What you cook needn’t look perfect

What you cook needn’t look perfect

Unless you’re competing in a high-stakes cooking competition, there are times when what you cook needn’t look perfect, and it’s a good thing because some things in the kitchen are hard to get right.

The Japanese have a term for something that has been broken and mended and is revered for being more beautiful for the journey: kintsukuroi. And that is a fitting term for my bread sticks.

You know the bread sticks you get at Olive Garden, all exactly the same size and shape and glowing with garlicky goodness? I wanted to pull that off at home, and the first attempt looked ridiculous.

Most of the bread sticks weren’t sticks at all but looked more like mateless socks with mashed potatoes in them. They tasted fine, and no one was looking so they were eaten up, but a person can’t help but feel like the project was a failure when the end product is so very sorry looking.

Of course, the restaurant has their bread sticks made at a bread stick factory with bread stick molds and robot butter applicators. I’m not investing in all that.

The next batch looked much better because my wife made them. There were different sizes and shapes, but they were identifiable, soft and buttery. With mismatched shapes and sizes in bread baking, we use the term, “artisanal,” unless we are in Japan, in which case I guess you say “kintsukuroi.”

Every time I make marinara sauce, the best part is tasting it to check progress. I usually end up eating a cup of the stuff from a teaspoon because it’s just that good, but if you get these bread sticks done ahead of time, you can dip them into the pot for tasting and likely won’t even need any dinner.

When you roll these into their little stick shapes, be careful not to use flour on your counter or board. You need the dough to grab the counter surface and your hands a bit to accomplish rolling, and flour will just make everything slide around rather than roll into a sausage shape.

Remember, even if they look bad, they’ll still dip into your tomato sauce just fine. If you do these with a heavy stand mixer, let the machine do the kneading. Otherwise, you’ll need about five to 10 minutes of hand kneading.


1 cup warm water, about 110 F

1 1/2 teaspoons active dry yeast

2 tablespoons sugar

3 tablespoons butter, melted

1 3/4 teaspoons kosher salt

About 3 1/2 cups unbleached bread flour

For brushing:

2 tablespoons butter, melted

1/2 teaspoon kosher salt

1/4 teaspoon garlic powder

In the bowl of your mixer, place the water, yeast, sugar, salt and melted butter. With the dough hook attachment and the mixer running on low speed, add the flour in batches, being careful at the end not to add too much. You want a sticky dough. Kick up the speed a notch and let the mixer knead the dough for 7 minutes.
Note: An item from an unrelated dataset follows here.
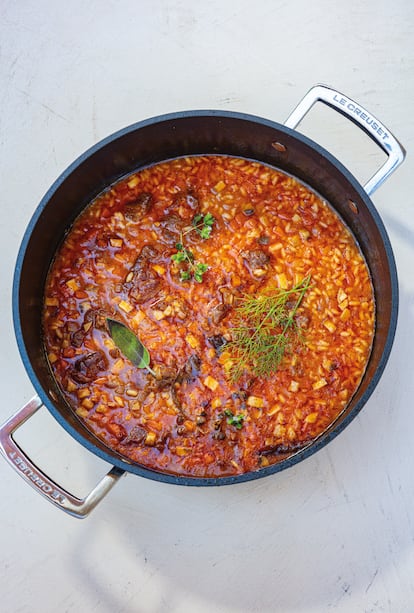 Cuando la carne esté tierna, se añade el arroz y se cuece durante 17 minutos.

If you mix the dough by hand, knead the dough on your counter for about the same amount of time, until it is smooth and elastic.
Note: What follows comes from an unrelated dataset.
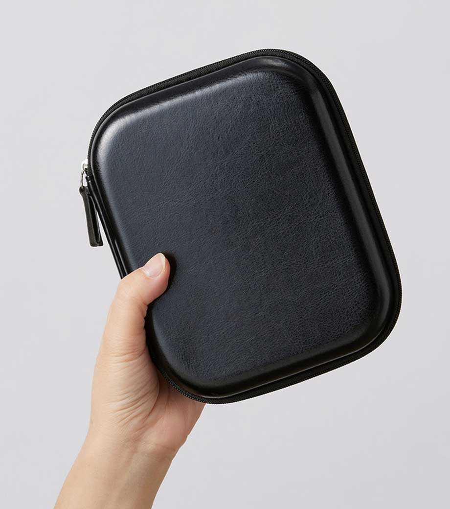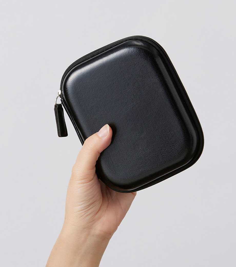 「コレクトケース」は身の回りの小物をコンパクトに収納できるファスナー付ケース。外側はPU素材のセミハードケースです。充電ケーブル・USBやイヤホンなどカバンの中でバラバラになりやすい小物をひとまとめにすることができます。探す手間が省けて時短にも!スマートなビジネスライフにおすすめです。

Place the dough in an oiled bowl and cover with plastic wrap. Allow to raise for about 1 1/2 hours or until doubled.

Divide the dough into 12 equal portions, then roll each piece of dough into a 7-inch-long log. Place the logs on parchment paper lined baking sheets and let rise again for another hour.

Preheat your oven to 400 F and bake for 12 minutes. Remove from the oven and brush them right away with the melted butter, then sprinkle with the salt and garlic powder.